=== What you should do ===
Exact copy, pictures excluded: output the lines from the opening of the entries through the line bearing "Tuckernuck Libby Floral".

Items listed in a dataset
^^^^

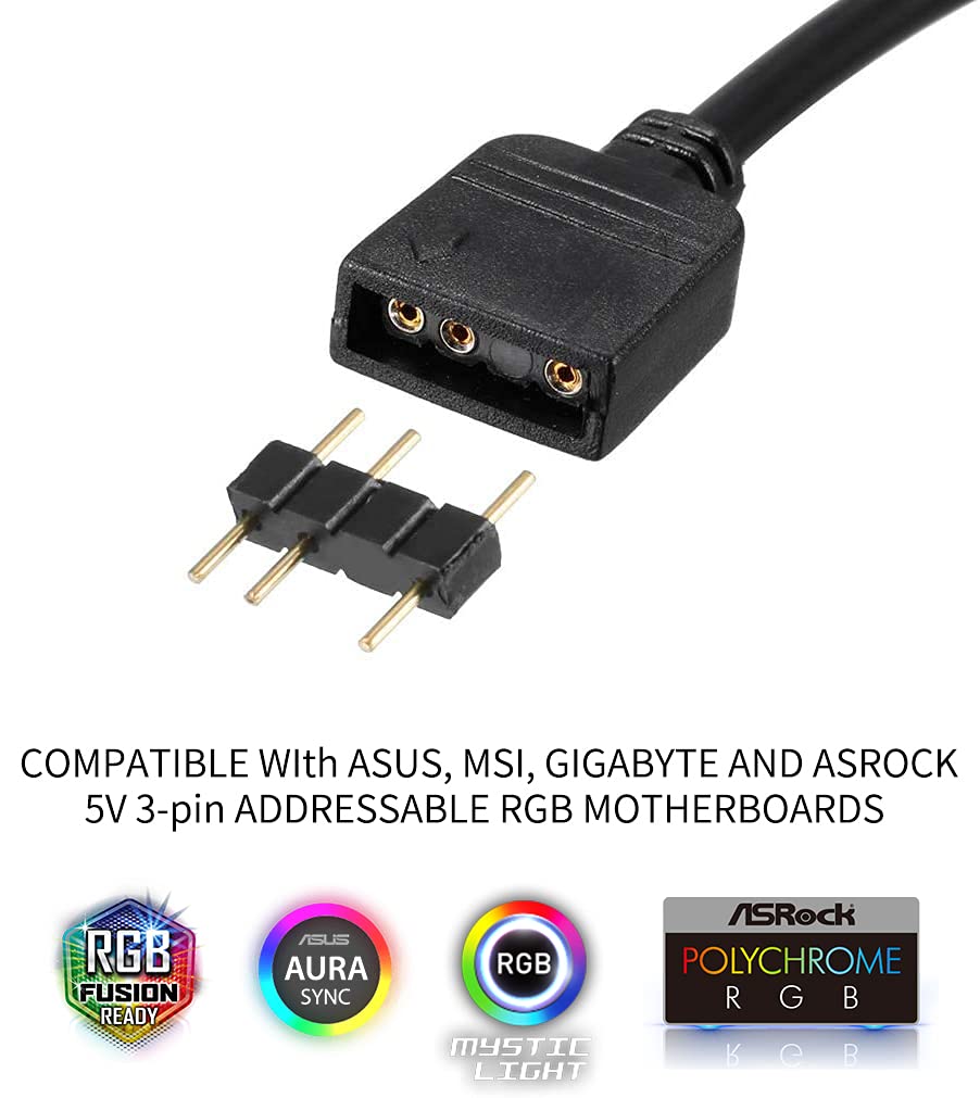 male pins. Compatible with ASUS, MSI, GIGABYTE and ASROCK addressable RGB
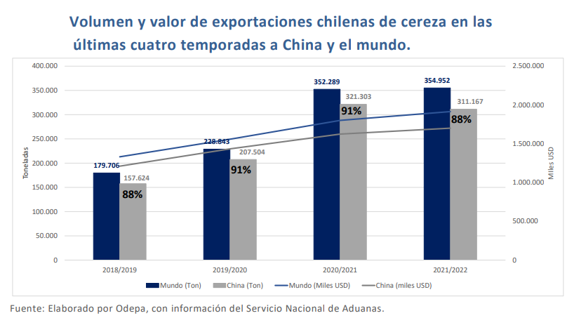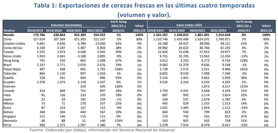 Según el Servicio Nacional de Aduanas, Chile incrementó sus exportaciones de cerezas 1% en volumen y 6% en valor comparado con la temporada anterior, alcanzado un total de 354.952 toneladas y US$ 1.914 millones exportados. El 88% del volumen fue destinado a la República Popular China, 3% menos que la temporada anterior, debido a situaciones complejas en los puertos por procedimientos de desaduanaje, esto dificultó la reposición de los stocks de fruta disponible en los centros de comercialización (mayoristas y retail), los estrictos confinamientos chinos hicieron más lento el trabajo en los puertos, lo mismo generaron los intensos análisis de virus Covid-19 y de vegetales, los cuales por temas de tiempo en algunos casos perjudicaron la condición de la fruta y los precios de venta.
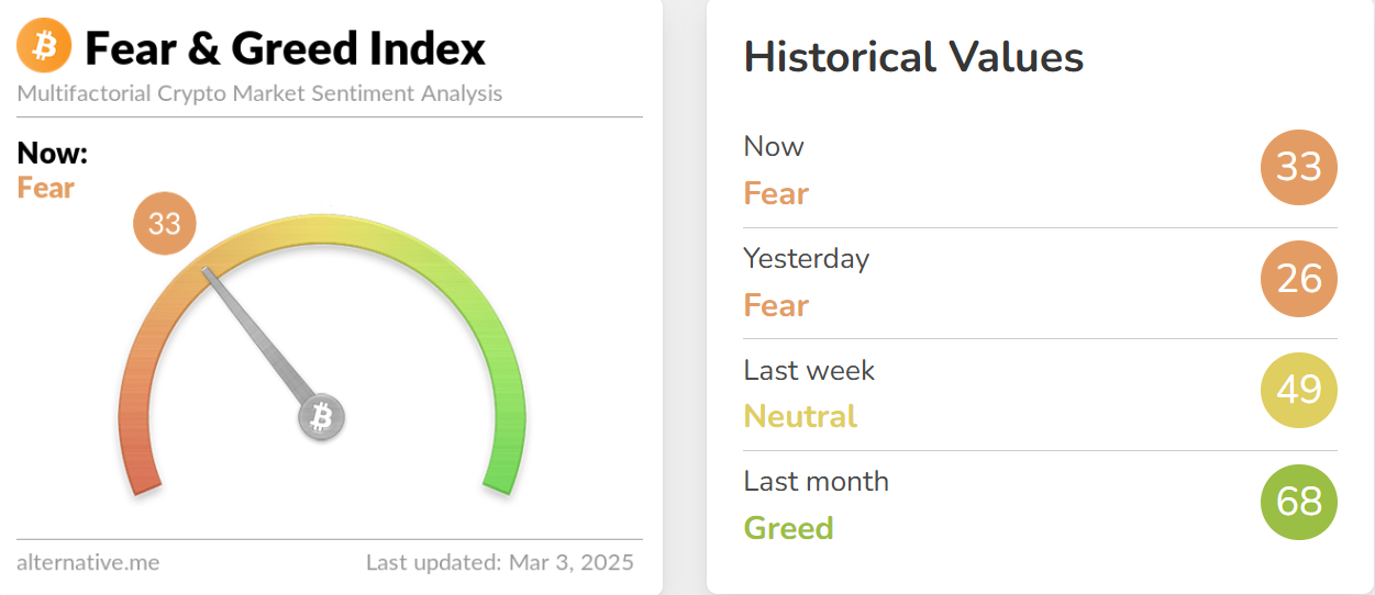 深潮 TechFlow 消息,3 月 3 日,据 Alternative.me 数据,今日加密货币恐慌与贪婪指数升至 33(昨日该指数为 26),表明市场仍处于「恐慌」状态。
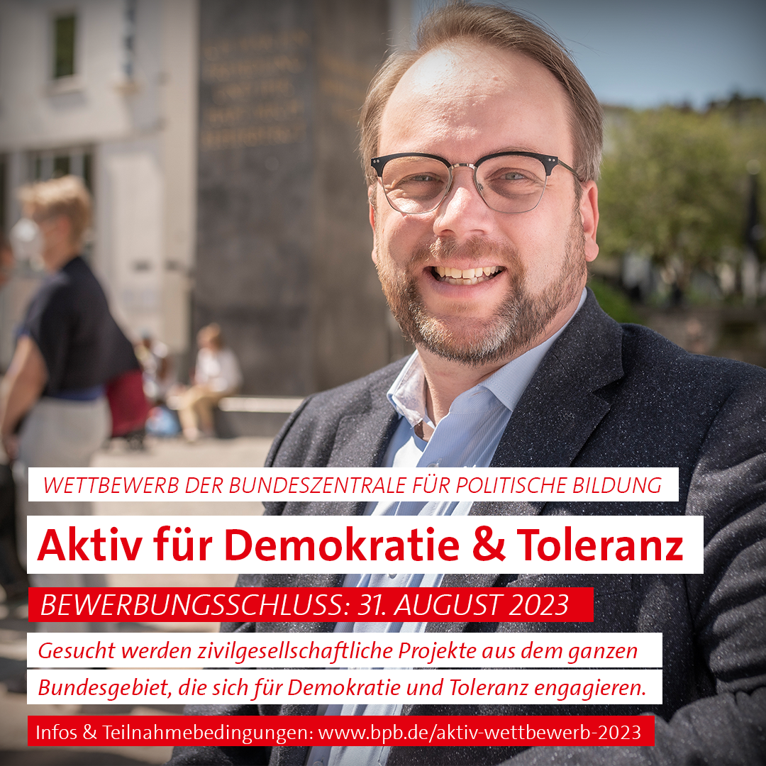 Gesucht werden zivilgesellschaftliche, überwiegend ehrenamtlich getragene Projekte aus dem ganzen Bundesgebiet, die sich auf vorbildliche Weise für Demokratie und Toleranz engagieren. Den Gewinnenden winken u.a. Geldpreise in Höhe von 2.000 bis 10.000 Euro sowie jährliche Qualifizierungs- und Vernetzungsangebote. Bewerben für den Wettbewerb kann man sich online unter www.bpb.de/aktiv-wettbewerb-2023. Bewerbungsschluss ist der 31. August 2023. Von der Teilnahme ausgeschlossen sind Projekte, die durch Bundesmittel finanziert werden.
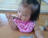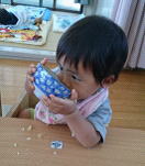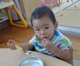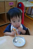 初めは食べさせてもらっていた子どもたちも今ではみんな野菜煮を手づかみで食べることができます。手を添えて飲んでいたお汁も、時には自分で両手で上手に持ち、こぼしながらもごくごくと飲み、飲み終わると「あー!!」と満面の笑顔を見せてくれます。そして、始めはただ持っているだけのスプーンでしたが、手を添えながら食べるうちに、自分ですくって入れようとしたり、手で一旦持ってからスプーンに入れたり、スプーンの上に入っている野菜煮を口に運んだりと一生懸命です。時にはできずに「ん〜!!」とはがゆさを感じながら私たちに「やって〜」という風に差し出すこともあります。
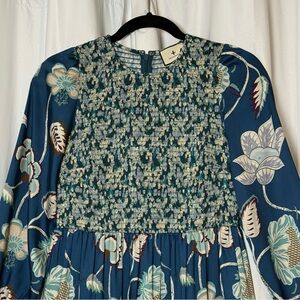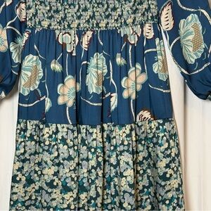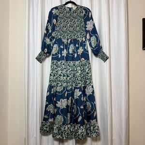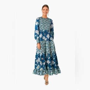 Tuckernuck Libby Floral Maxi Dress Blue Geranium Smocked Small
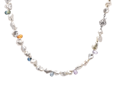 NECKLACE, faceted Agate, mother of pearl shell, clasp and details in sterling silver, length 65 cm.
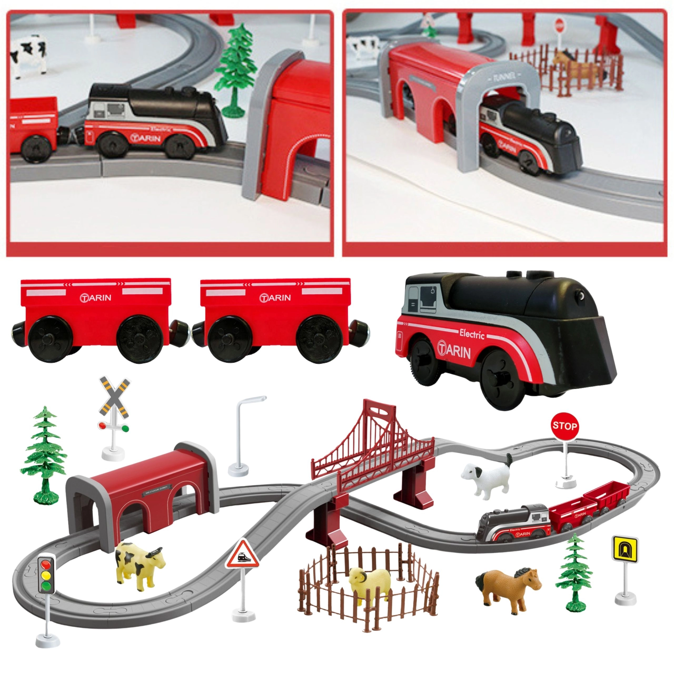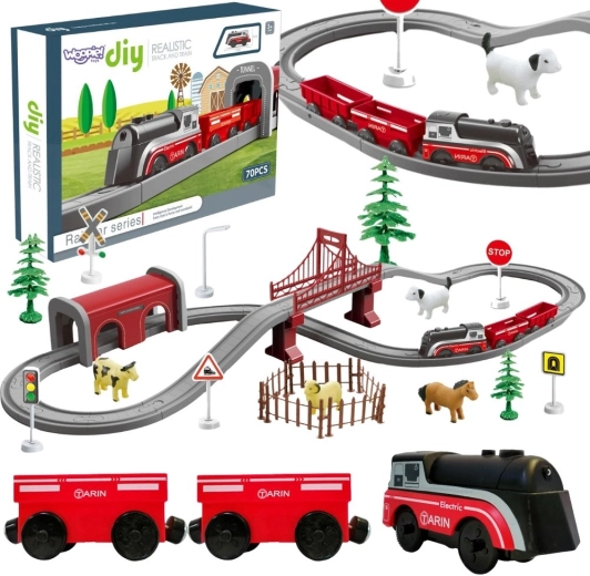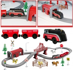 Ta električna vlakovna proga WOOPIE prinaša otrokom od 3. leta dalje dolge ure ustvarjalne zabave. Zaradi magnetnih spenjač se vagoni preprosto in varno povežejo, lokomotiva na baterijo AAA poskrbi za realističen premik, proga z mostom in predorom pa ustvarja privlačno kmečko kuliso.
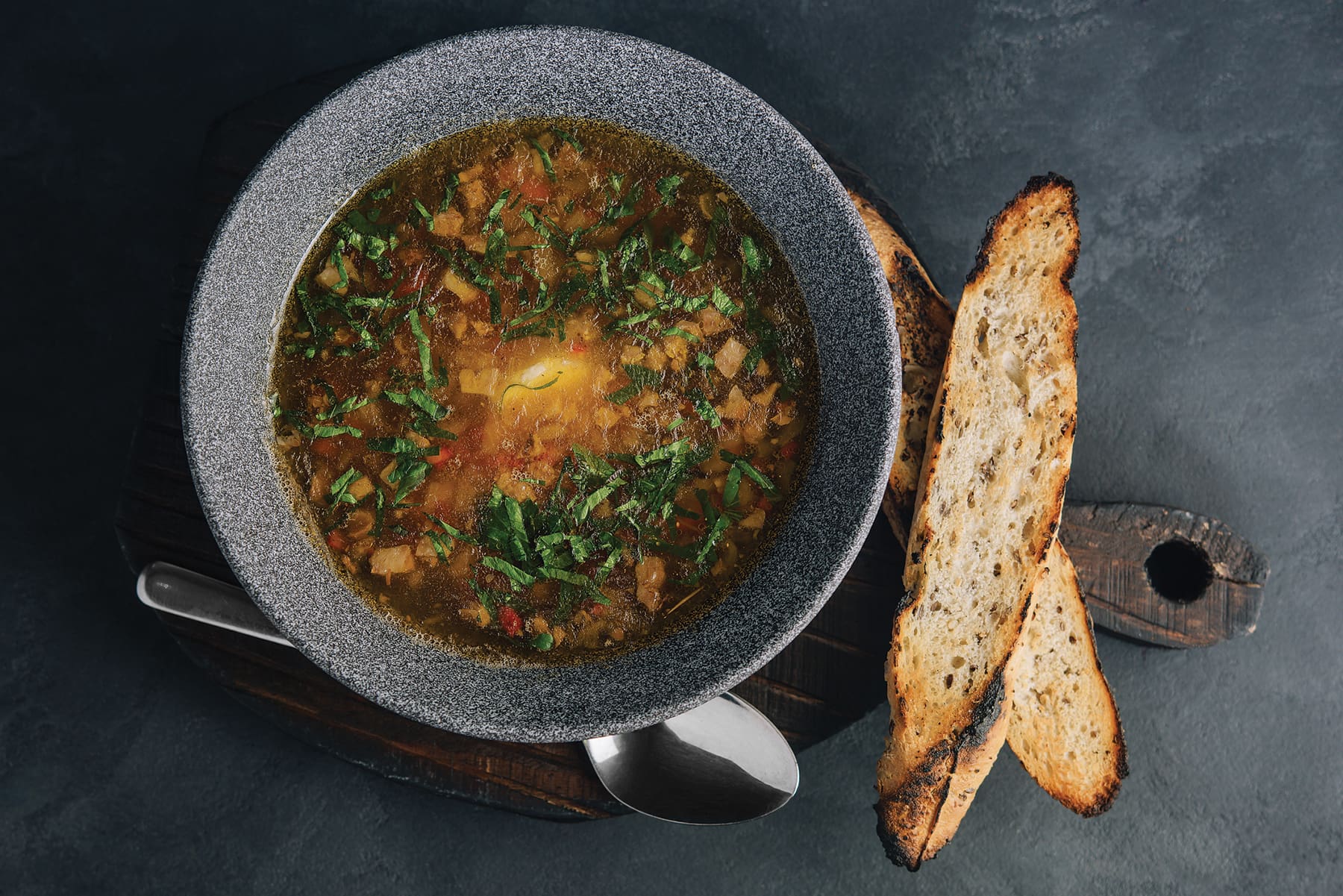 The wedge with a view! A whole heart of romaine lettuce, bacon, blue cheese crumbles and blue cheese dressing sets this salad apart. Try it with our New Orleans style Seafood Gumbo!
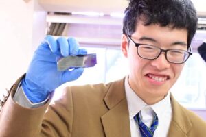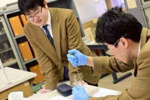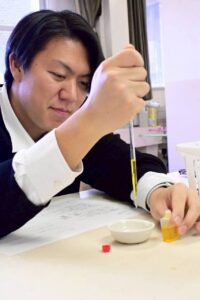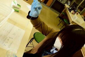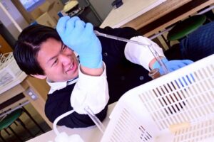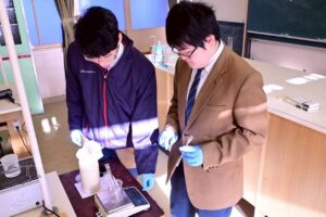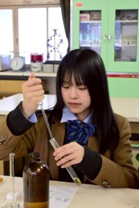 3年生総合進学コース(理数科学系統)の生徒が化学の授業で実験を行いました。
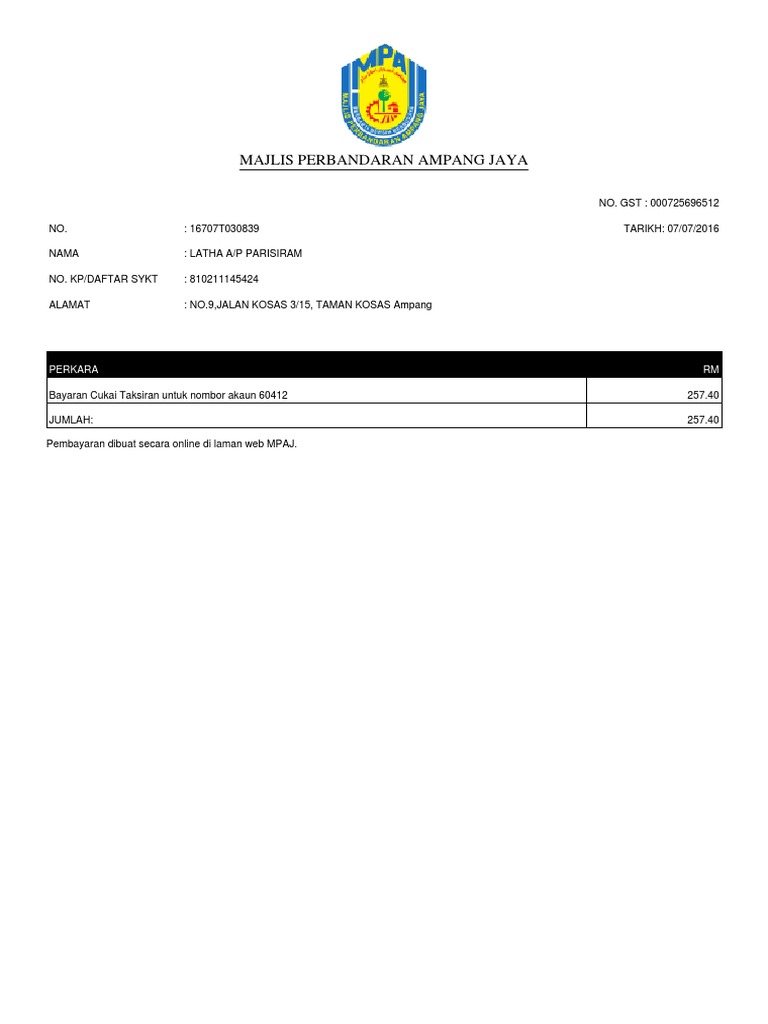 Cukai Taksiran Ampang Jaya / Ampang jaya, more commonly known as just ampang, is a town, a mukim and a parliamentary constituency straddling parts of the hulu langat district and gombak district, in eastern selangor, malaysia.. Cek, wang kiriman pos hendaklah dicatatkan nombor akaun, nama dan nombor telefon di belakang dan dipalang (akaun penerima. If we own a house or shop house in malaysia, we have to pay it's mean we success pay the cukai taksiran bill online. Majlis perbandaran ampang jaya, menara mpaj jalan pandan utama, pandan indah, selangor 55100 kuala lumpur. Secara online melalui laman web bank dan agensi berikut: .(mpk), majlis perbandaran ampang jaya (mpaj), majlis perbandaran subang jaya (mpsj) 3.

^^^^

=== Task answer ===
 male pins. Compatible with ASUS, MSI, GIGABYTE and ASROCK addressable RGB
 Según el Servicio Nacional de Aduanas, Chile incrementó sus exportaciones de cerezas 1% en volumen y 6% en valor comparado con la temporada anterior, alcanzado un total de 354.952 toneladas y US$ 1.914 millones exportados. El 88% del volumen fue destinado a la República Popular China, 3% menos que la temporada anterior, debido a situaciones complejas en los puertos por procedimientos de desaduanaje, esto dificultó la reposición de los stocks de fruta disponible en los centros de comercialización (mayoristas y retail), los estrictos confinamientos chinos hicieron más lento el trabajo en los puertos, lo mismo generaron los intensos análisis de virus Covid-19 y de vegetales, los cuales por temas de tiempo en algunos casos perjudicaron la condición de la fruta y los precios de venta.
 深潮 TechFlow 消息,3 月 3 日,据 Alternative.me 数据,今日加密货币恐慌与贪婪指数升至 33(昨日该指数为 26),表明市场仍处于「恐慌」状态。
 Gesucht werden zivilgesellschaftliche, überwiegend ehrenamtlich getragene Projekte aus dem ganzen Bundesgebiet, die sich auf vorbildliche Weise für Demokratie und Toleranz engagieren. Den Gewinnenden winken u.a. Geldpreise in Höhe von 2.000 bis 10.000 Euro sowie jährliche Qualifizierungs- und Vernetzungsangebote. Bewerben für den Wettbewerb kann man sich online unter www.bpb.de/aktiv-wettbewerb-2023. Bewerbungsschluss ist der 31. August 2023. Von der Teilnahme ausgeschlossen sind Projekte, die durch Bundesmittel finanziert werden.
 初めは食べさせてもらっていた子どもたちも今ではみんな野菜煮を手づかみで食べることができます。手を添えて飲んでいたお汁も、時には自分で両手で上手に持ち、こぼしながらもごくごくと飲み、飲み終わると「あー!!」と満面の笑顔を見せてくれます。そして、始めはただ持っているだけのスプーンでしたが、手を添えながら食べるうちに、自分ですくって入れようとしたり、手で一旦持ってからスプーンに入れたり、スプーンの上に入っている野菜煮を口に運んだりと一生懸命です。時にはできずに「ん〜!!」とはがゆさを感じながら私たちに「やって〜」という風に差し出すこともあります。
 Tuckernuck Libby Floral Maxi Dress Blue Geranium Smocked Small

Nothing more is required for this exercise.